I got the following function which is supposed to be harmonic on the unit ball
Is there a quick way to show that this is true ?
$\frac 1 {\left\| |y| x - \frac y {|y|} \right\|} =f(x)$ for all $x,y \in $ the unit ball $\mathbb B_1(0) \subset \mathbb R^3$
I tried to find some "clever "substitution to solve this without too much calculation, but couldn't find any
Edit: $\Delta_x f(x,y)=0$ (only harmonic with respect to $x$)
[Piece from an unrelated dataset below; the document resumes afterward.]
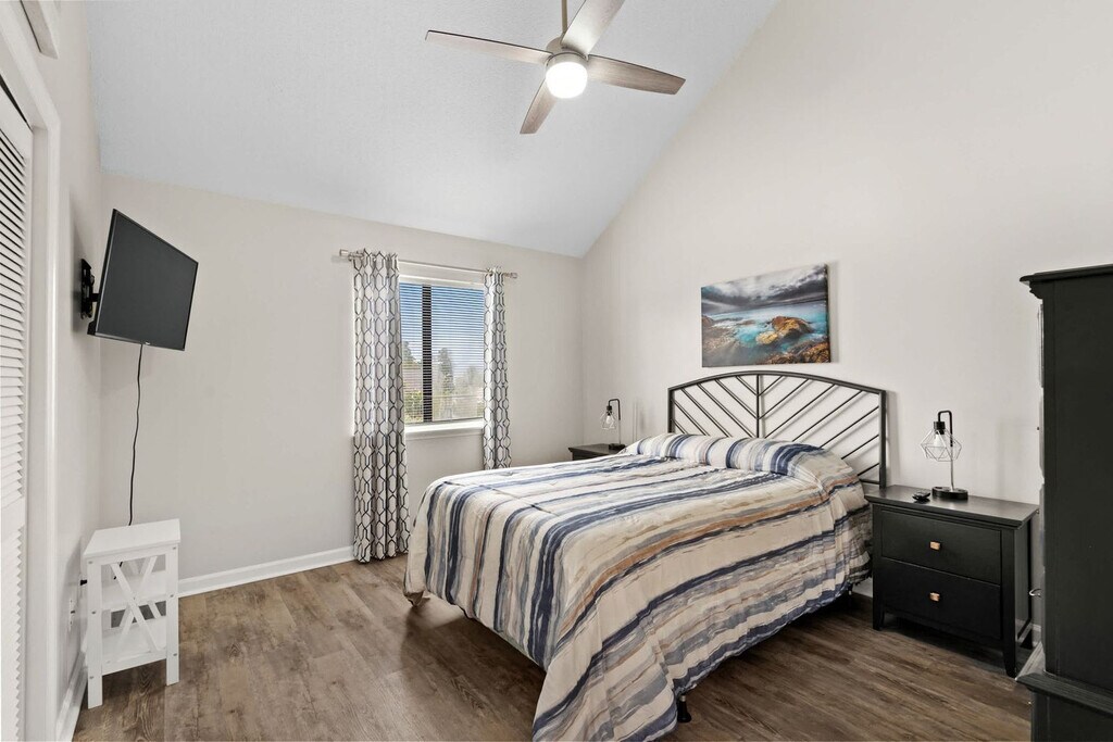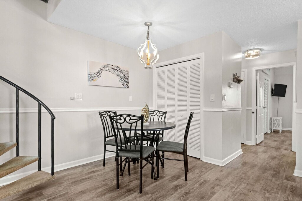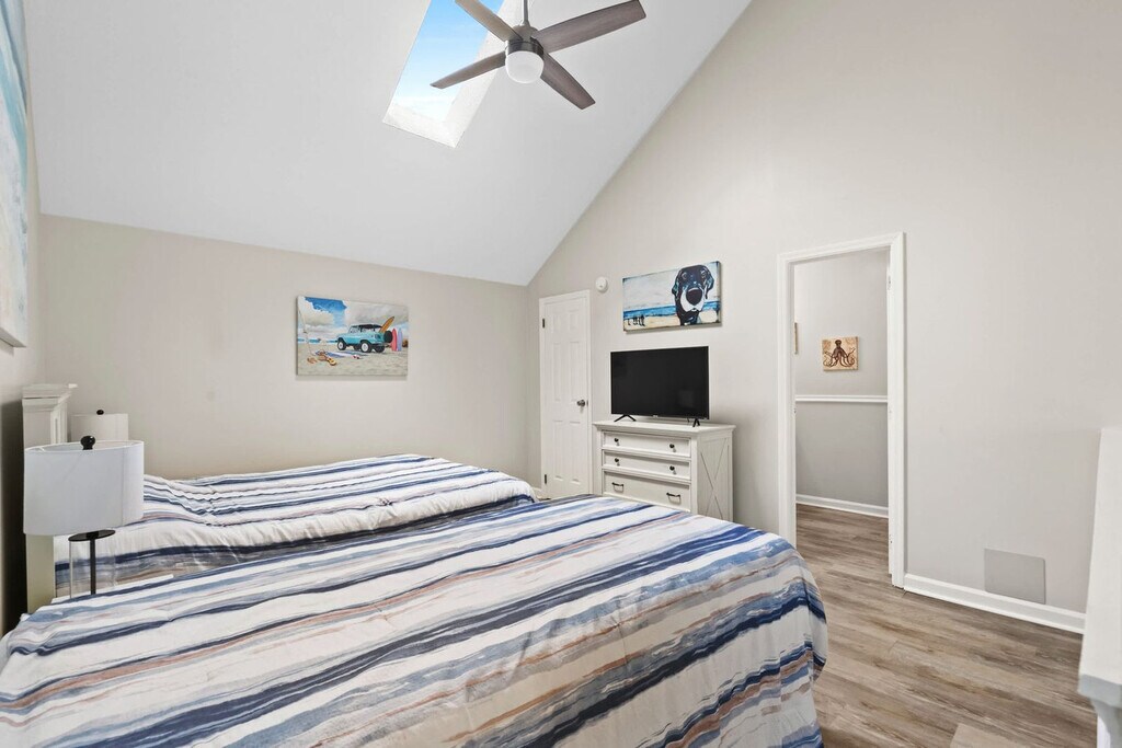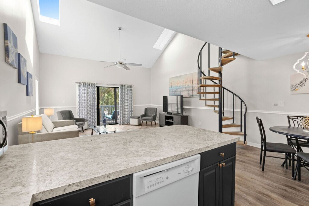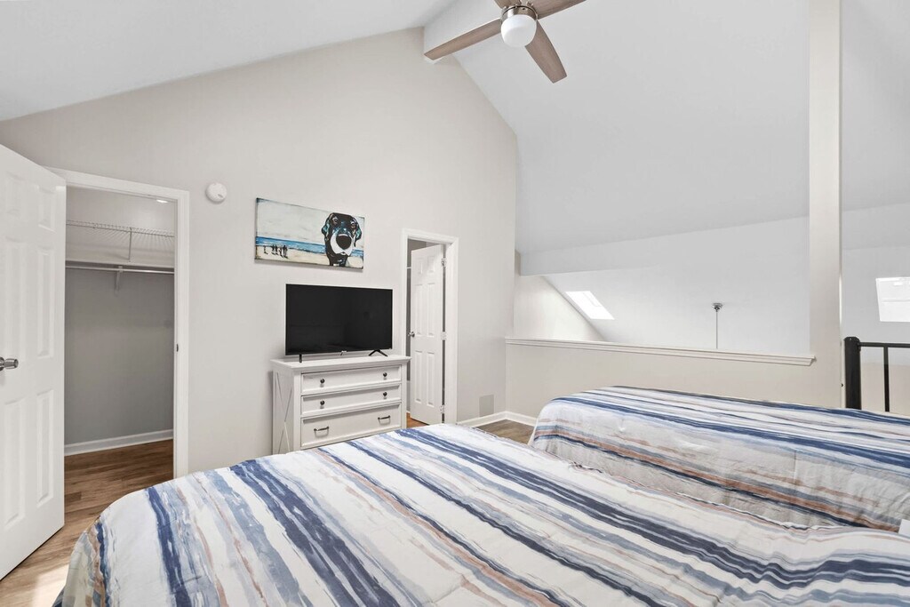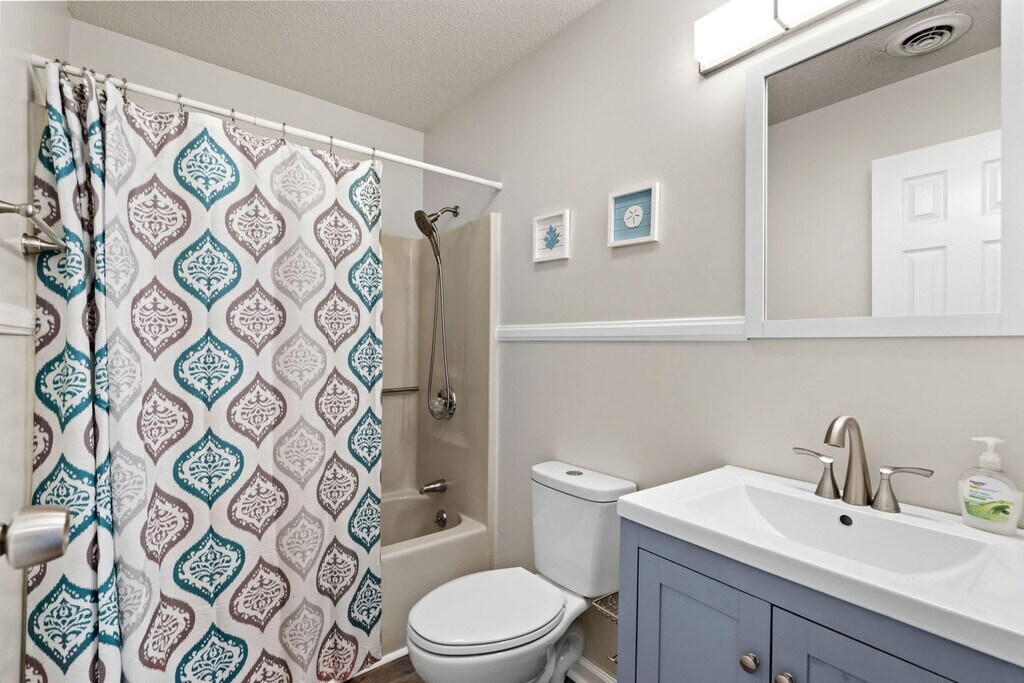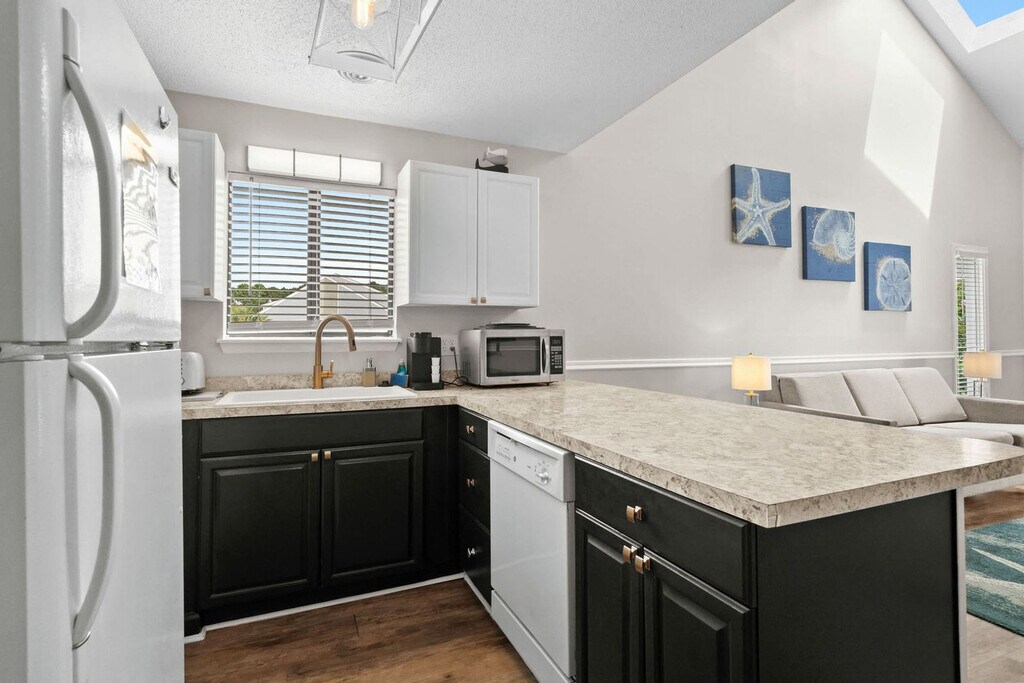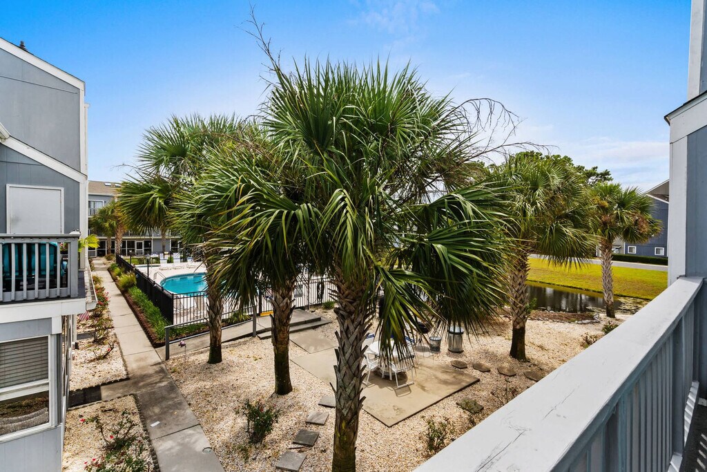 You'll feel at home in this stylishly remodeled end unit condo, a well-kept secret in Surfside's Golf Colony at Deerfield. This 1120 sq ft condo is perfectly located between Bypass Hwy 17 and Business Hwy 17. The downstairs primary bedroom features a comfortable queen pillow top mattress and an en suite bath with a shower/tub combo. The spacious loft with vaulted ceilings has a queen bed, en suite bath, and a large walk-in closet. The living room has vaulted ceilings and contains a memory foam full-sized sleeper sofa. The fully equipped kitchen includes the newest Kuerig on the market for excellent coffee. Enjoy the spacious pool deck in the back courtyard, including a hot tub, or watch it all from the deck overlooking the pool. You can rent a gas-powered golf cart to get around during your stay if you don't plan on going super far, and there is access to amenities by golf cart during the day. Pool and beach chairs are available for rent through a link after booking. Golf Colony Deerfield is a centrally located, quiet, and comfortable resort in the heart of Surfside Beach, close to many great options. It's just 1.5 miles from the closest Surfside Beach access, placing you within 15 minutes of almost anywhere on the South Strand. Quiet hours are between 11 pm and 7 am as per Surfside Beach ordinance. Please consider your neighbors, and keep noise at a reasonable level. Guests must be 25 or older to book. No smoking and no pets are permitted. [SI]

Introduce $ z = \frac{y}{\Vert y \Vert^2} \in \mathbb{R}^3 \setminus \overline{\mathbb{B}_1 (0)}$ and write $$ f(x) = \frac{1}{\Vert y \Vert \Vert x -z \Vert} \equiv \frac{g(x-z)}{\Vert y \Vert} \, . $$ $g : \mathbb{R}^3 \setminus \{0\} \to \mathbb{R}, g(v) = \Vert v \Vert^{-1} ,$ is a smooth, harmonic function, which can be shown by direct calculation.
Thus $f : \mathbb{R}^3 \setminus \{z\} \to \mathbb{R}$ is smooth and harmonic by the chain rule. Since $z \not\in \mathbb{B}_1 (0)$, $f$ is harmonic on the unit ball.